なんだか捨て子の話ばかりになってきましたが、今回でおしまいにしようかと思うので、もう少しご辛抱下さい。


今回は芥川龍之介の小説でずばり「捨児」です。


ある寺の前に捨てられていた捨て子を、その寺の和尚は自分で育てることにして大切に育てていました。一方で和尚は、その子を本当の親に会わせてやりたいとも思い、寺での説教の折にもその子の話をしていました。

数年後、ある女が自分がその捨て子の母親だと名乗り出てきます。その子は事情があって捨ててしまったけれど、夫と産まれたばかりの子を亡くしその捨て子のことを思い出して引き取りにきた、と。そしてその子はその女に引き取られて、女はその子によく尽くして幸せに暮らしていました。

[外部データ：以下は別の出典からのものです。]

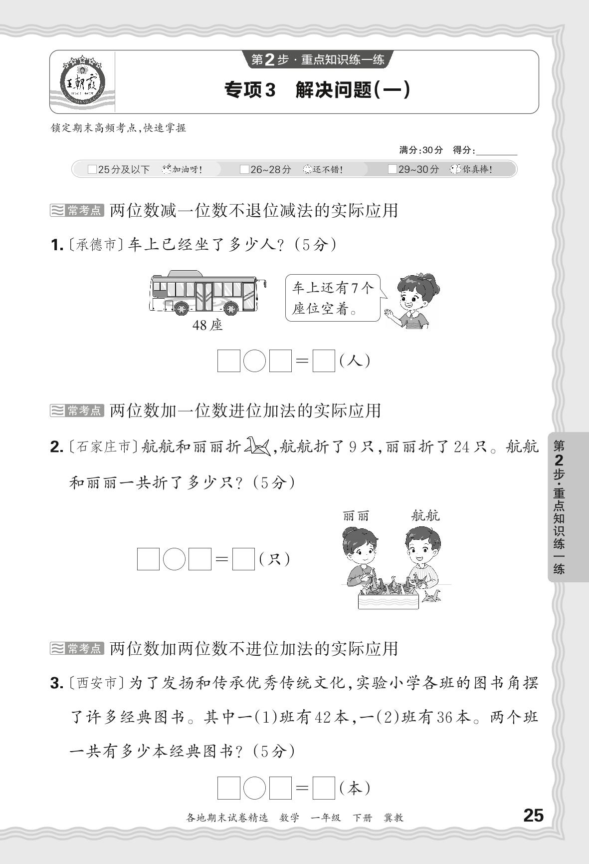 2024春下册一年级数学冀教版 期末专项卷JX版·解决问题(一)【3】

けれど、その女の死の1年ほど前に、その女が実はその子の本当の親ではなかったことがわかります。

女の死後、その子は和尚にその話をしにきて、

 そのことを知って母は母以上の人間になった

と言います。

それを聞いた和尚は、その子も子以上の人間だった、と思うのです。



血のつながった親が子を捨てたり虐待したり、毒親のように子を苦しめたりする反面、血はつながらなくても親子以上の関係になれることもある。

血のつながりって何なのか、と考えさせられます。


結局、以前にも書いたような


https://ameblo.jp/mihuyu2020/entry-12654583593.html


このフロムの考えになるのかな、と思います。


人類愛をベースに、見知らぬ他人を愛せない人に子どもは愛せない。


血のつながりだけではただそれだけの親子だけれど、見知らぬ捨て子を愛せるならば、親子以上の関係になれる、そういうことなのかと感じます。